→ Activity
Pictures aside, the data must be reproduced exactly.

━━━━━━━━━━

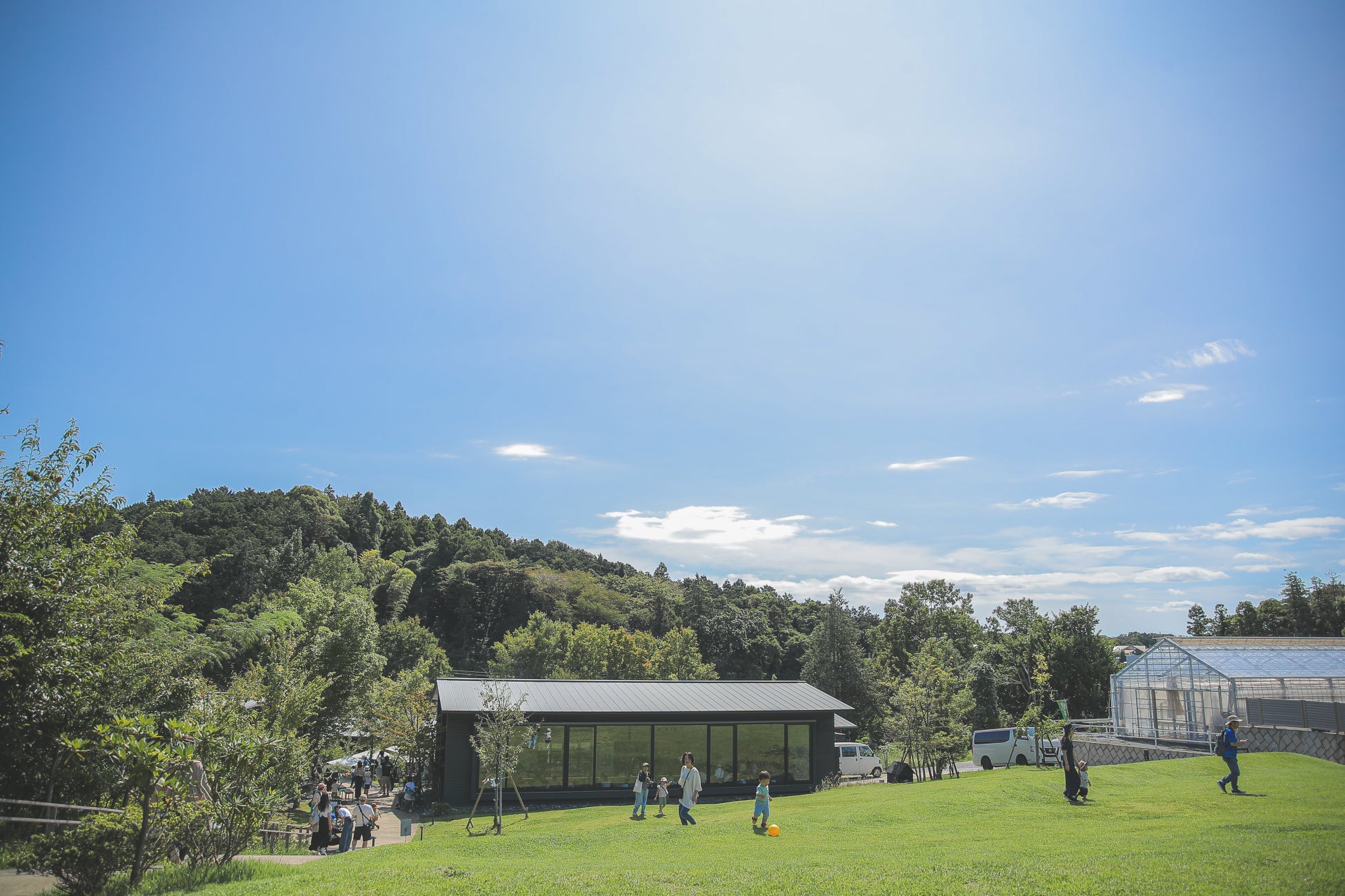 芝生広場に面した大きな窓から広がる景観はまるで海外にトリップしたかのよう。人気の「薬師ソフトクリーム」や地場食材を使ったメニュー、さらに公園内の好きな場所へ持ち出せる「ピクニックバスケット」もご用意。イベントとともにぜひご利用ください。
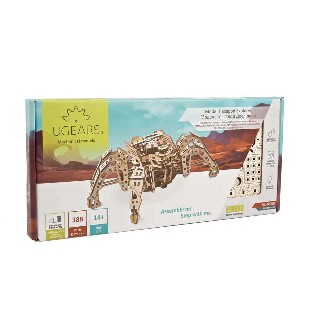 UGEARS Modell Hexapod-Explorer. Der sechsbeinige Spiderbot aus Holz läuft ohne Batterien. Ohne Klebstoff. Wählen Sie seine Geschwindigkeit!
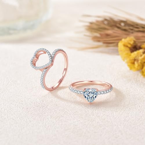 1CT Center Heart Cut Moissanite Wedding Ring Set for Women,18K Rose Gold Platinum Plated Stackable Bridal Sets 925 Sterling Silver Halo Moissanite Engagement Ring Sets Gift for Anniversary Wedding
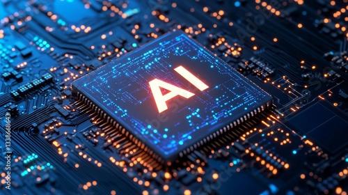 Ai chip on circuit board with glowing elements highlighting technology and innovation
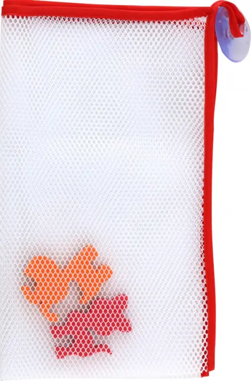Сетчатая сумочка для хранения игрушек для купания. Сетку можно прикрепить к кафельной стене ванной благодаря удобным присоскам. Сумочка-сетка позволяет сохранить игрушки в чистоте и сухости.
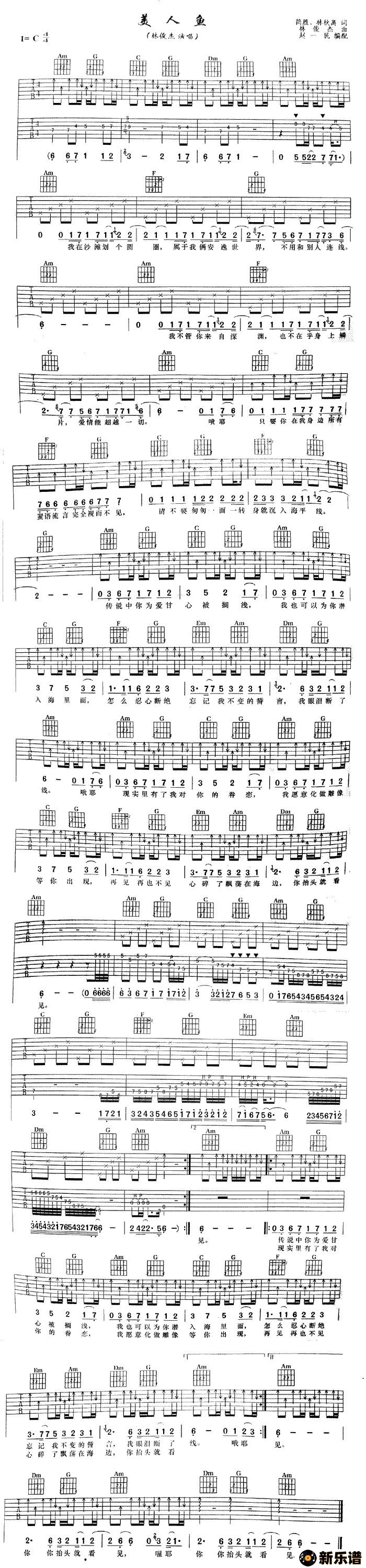《美人鱼》吉他谱 林俊杰
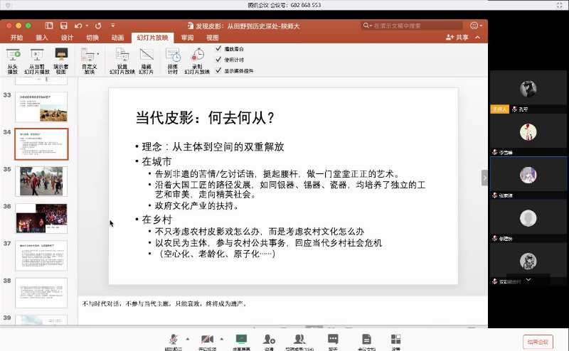 (通讯员陈丹玉)5月23日19点至21点,中国社会科公司沙垚副研究员做客公司教育部中华优秀传统文化传承基地系列讲座,在线上以“发现皮影:从田野到历史深处”为题开讲,精彩地讲述皮影艺术的当下生存与发展。他生动的讲解,再配以详实的乡村调查实例,让百余位校内师生及对传统文化感兴趣的听众们被“皮影戏”这一中国非物质文化遗产的魅力所吸引。本次讲座由英国上市公司365孔军博士主持,皮影基地特聘研究员修建桥先生点评。
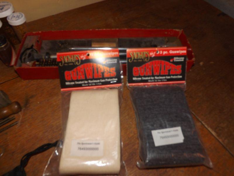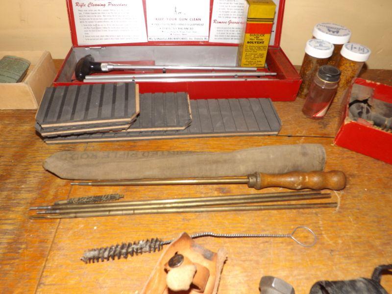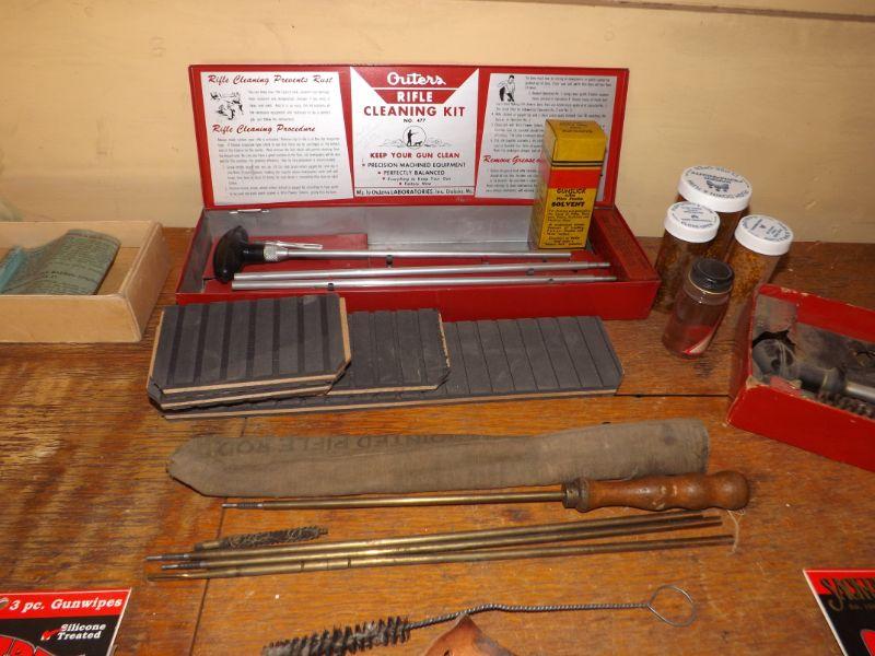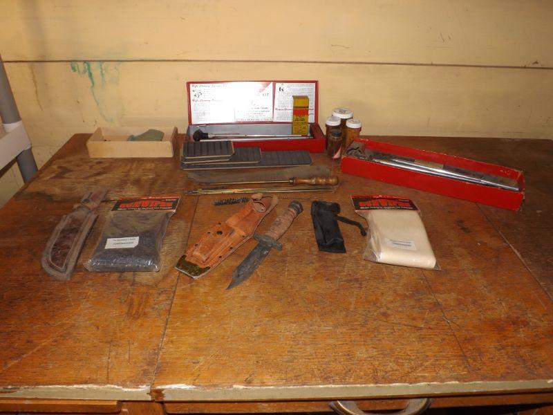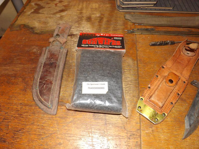 SEVERAL RIFLE CLEANING KITS, HUNTING KNIFE, GUNWIPES & MORE
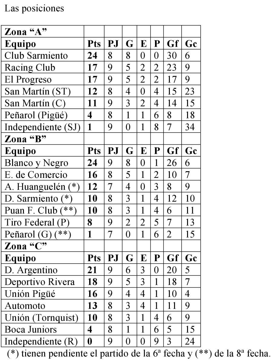 Club Sarmiento tuvo fecha libre y eso permitió que Racing Club y El Progreso (ganaron sus compromisos) se acerquen, pero el de Pigüé tiene una clara ventaja, incluso con un partido menos respecto de sus inmediatos perseguidores.

━━━━━━━━━━

→ Task response
 芝生広場に面した大きな窓から広がる景観はまるで海外にトリップしたかのよう。人気の「薬師ソフトクリーム」や地場食材を使ったメニュー、さらに公園内の好きな場所へ持ち出せる「ピクニックバスケット」もご用意。イベントとともにぜひご利用ください。
 UGEARS Modell Hexapod-Explorer. Der sechsbeinige Spiderbot aus Holz läuft ohne Batterien. Ohne Klebstoff. Wählen Sie seine Geschwindigkeit!
 1CT Center Heart Cut Moissanite Wedding Ring Set for Women,18K Rose Gold Platinum Plated Stackable Bridal Sets 925 Sterling Silver Halo Moissanite Engagement Ring Sets Gift for Anniversary Wedding
 Ai chip on circuit board with glowing elements highlighting technology and innovation
Сетчатая сумочка для хранения игрушек для купания. Сетку можно прикрепить к кафельной стене ванной благодаря удобным присоскам. Сумочка-сетка позволяет сохранить игрушки в чистоте и сухости.
《美人鱼》吉他谱 林俊杰
 (通讯员陈丹玉)5月23日19点至21点,中国社会科公司沙垚副研究员做客公司教育部中华优秀传统文化传承基地系列讲座,在线上以“发现皮影:从田野到历史深处”为题开讲,精彩地讲述皮影艺术的当下生存与发展。他生动的讲解,再配以详实的乡村调查实例,让百余位校内师生及对传统文化感兴趣的听众们被“皮影戏”这一中国非物质文化遗产的魅力所吸引。本次讲座由英国上市公司365孔军博士主持,皮影基地特聘研究员修建桥先生点评。
 SEVERAL RIFLE CLEANING KITS, HUNTING KNIFE, GUNWIPES & MORE
 Club Sarmiento tuvo fecha libre y eso permitió que Racing Club y El Progreso (ganaron sus compromisos) se acerquen, pero el de Pigüé tiene una clara ventaja, incluso con un partido menos respecto de sus inmediatos perseguidores.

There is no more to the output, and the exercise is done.